Zane’s long eyelashes pressed against his cheekbones as he blinked down at the white duvet then up at me. “I feel everything.”

I gulped as his hands moved to cup my face.

“I feel your breathing. I feel your heartbeat. I feel the tension in the air, the scent of your body, the rhythm of your pulse—I feel it all.”

I exhaled slowly through my mouth, worried that I’d ruin that look of bliss on his face by breathing too loud.

“But mostly…” A smile crept across his face. “I feel you and me.”

“Us.”

“Yeah, us.” His hands trailed down my neck, resting on my shoulders.

“I think I’m going to keep you.” I smiled, licking my lips.

He sobered. “I’ve never been kept before.”

“Well…” I crawled into his lap and wrapped my legs around his waist. “Now you are.”

His eyes crinkled at the sides as his smile widened. “I think I like this idea of being kept.”

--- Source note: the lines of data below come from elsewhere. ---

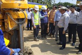 Union Minister for Construction U Han Zaw and Korea Ambassador to Myanmar inspected the construction site of Korea-Myanmar Friendship Bridge (Dala) yesterday morning.
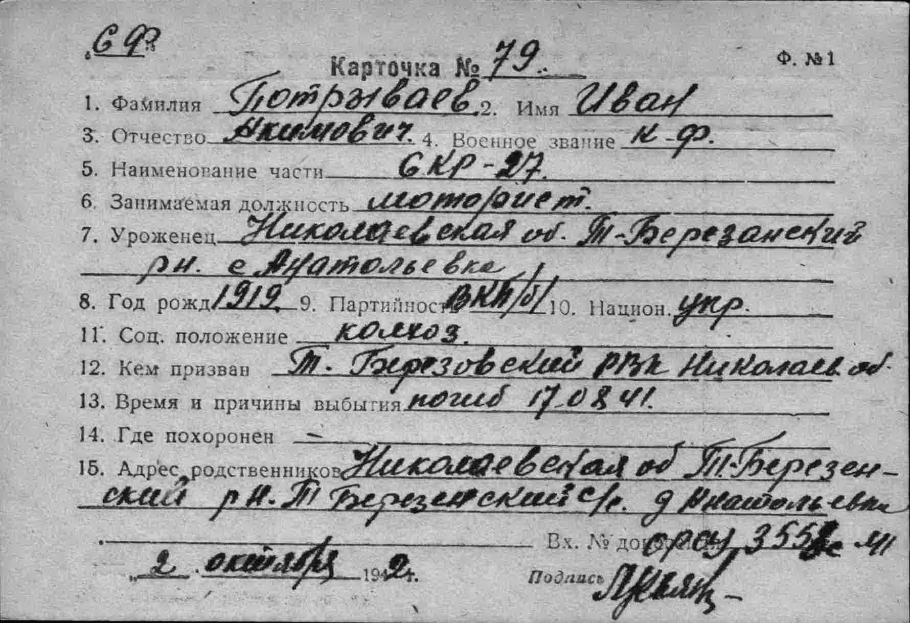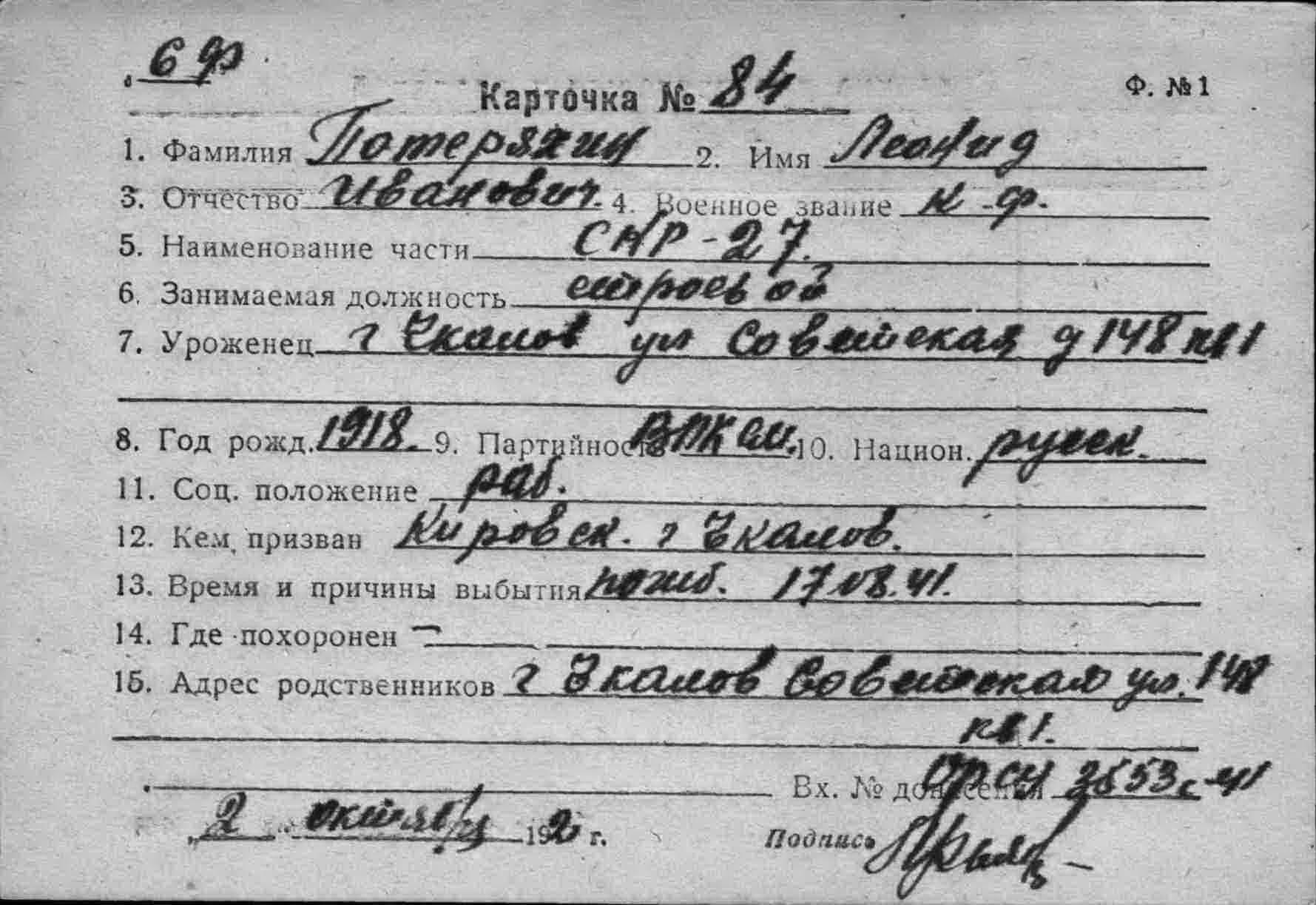 ПОТЕРЯХИН Леонид Иванович, к/ф, строевой
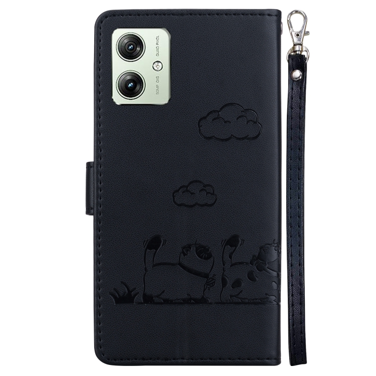 Funda de Cuero Rfid para Motorola Moto G54 con Diseño de Gatos (Negra)

“I’ll be sure to administer the daily marshmallow allotment before and after bed.” I nodded encouragingly.

“Oh, baby.” His knuckles grazed my sides, his hands spreading across my skin causing goose bumps to flare everywhere. “I love the sound of that.”

“I knew you would.”

“What about marshmallow trails to bed? Are those out too? Because I’m really good with positive reinforcement.”

My cheeks heated. “Yeah. I bet.”

“Stay.” His forehead touched mine, chest heaving, he kissed me across the mouth. “Stay.”

“I will.”

He nodded and then I was drowning in his deep kisses, my body already responding to his, ready for whatever he had to give me.

Chapter Twenty-Nine

Zane

I WAS FLYING.

Every time she gave herself to me—which by the time five a.m. rolled around, had already been twice more, I was flying.

Each experience was different.

Each kiss evolved.

Each touch transformed into something more meaningful. Something that meant a hell of a lot more than a twenty-four-hour booty call.

She was breathing deep, her wild hair falling across her face, kissing her barely parted lips.

I leaned down and kissed her forehead then walked over to my guitar and picked it up.

I processed things differently than most people. Therapy had never worked for me because talking about the anxiety had always made it worse, almost like this weird paranoia that if I talked about it, it made it more real, so I kept it to myself.

But talking to Fallon felt freeing.

Like I could trust her with the deepest darkest parts of me, and she’d still hold my hand.